[SOLVED] What is the difference between let, const and var?

I’ve starting so llong ago coding, that 3/4 of all languages I’ve learned practicaly doesen’t exist any more ( Pascal, Basic, 8bit assembler, cobol, VB?, Cobol a.s.o. )
Th las Languages I’ve “learned” are Go and typscript…
Going back from TS To JS is getting quite hard…
TS expect to as you’re told and ersepect lint
back to JS I can do everything :slight_smile: :frowning:
/* in GoLang I only cast Float63 to Float 32 tot Interger depending on Package */

I say what I do, and everybode is welcome to correct me PLEASE

I do this.var = vfor scripts that runs in multi threads
I do var = v nearly never
I do let var = v seldom
I do v = for local var which can’t mess up wich other instances
( like v = this.entiy.root.Map.findByName(‘trasuers’:wink:
I do const as everyone else;

In VS.Code and typeScript I’m halfway sure I do right, but back to JavaScript i’m more unsure than ever before…
If anybody will supply a short answer whats “clean” coding, maybe with a hint onm the stack, so i can truly understand…
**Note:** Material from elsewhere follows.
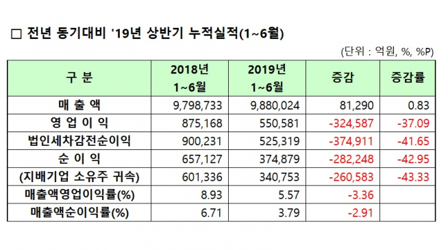 19일 한국거래소와 한국상장사회사협의회가 12월 결산 코스피 상장사 578개사(금융사 등 제외) 연결재무제표를 분석한 결과 이들 기업의 상반기 매출은 988조 원으로 전년동기대비 0.83% 증가했다. 그러나 영업이익은 55조 원으로 37.09% 줄었으며 순이익도 37조 원으로 42.95% 감소했다.
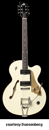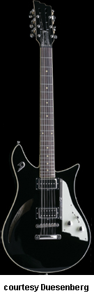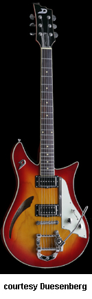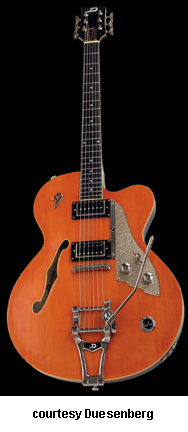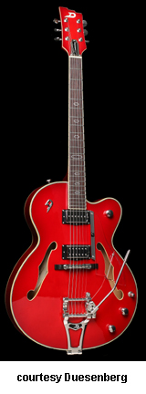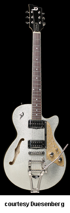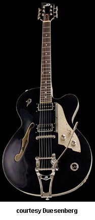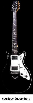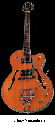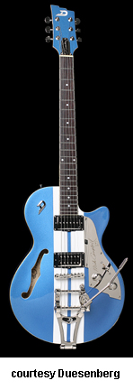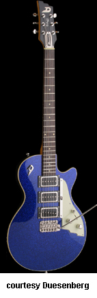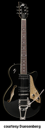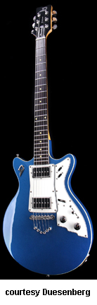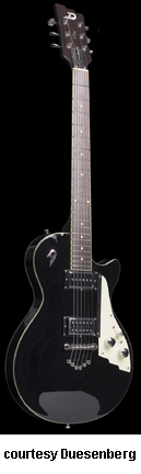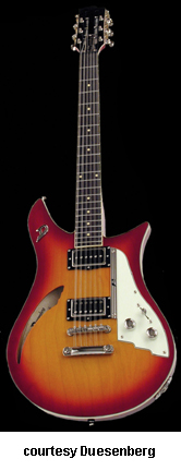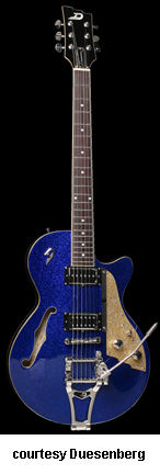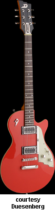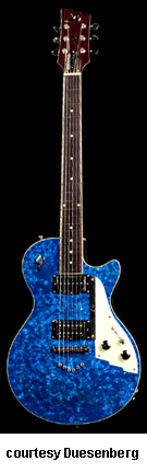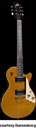 DUESENBERG | ELECTRIC | Duesenberg reports that 120 guitars were built in 1996. In 1998, the TV version of the Starplayer model was introduced, which features a sparkle finish on the guitars' tops, or sparkle finish on the guitars' headstocks. | 49ER | - single cutaway mahogany body, solid arched maple top, top and back binding, mahogany neck, 22-fret bound rosewood fingerboard with dot inlays, three-per-side tuners, tune-o-matic bridge, STB, small white pickguard, one P-90 (neck) and one humbucker (bridge) pickups, two knobs (v, tone), three-way pickup switch, chrome hardware, available in Black, Blue Pearl, or Honey finish, 25.5 in. scale, current mfg. |

sorry it’s getting late, and I started get a litlle drunk because I can’t progress and won’t get to that code again :smiley:

chhers Gutki :cucumber:

PS: second thought… it’s because of prototype and func()…
where should I look to understand why Playcanvas use prototype instead of func?

var is supported in ES5 (so IE 11 and above basically) and is function scoped.

let (block scoped) and const (block scoped and cannot be assigned another value after declaration) is supported in ES6 which is supported in every modern browser for a long while now.

PlayCanvas ScriptTypes are created via pc.createScript() and it returns a class type that inherits from ScriptType.

This means that we patch or create new functions via the prototype property which is an ES5 way of creating classes. See JavaScript Classes, Inheritance, and Prototype Chaining (ES5 and ES6 Way) | by Kunal Tandon | Developer’s Arena | Medium and Object prototypes - Learn web development | MDN

solved ‘somehow?’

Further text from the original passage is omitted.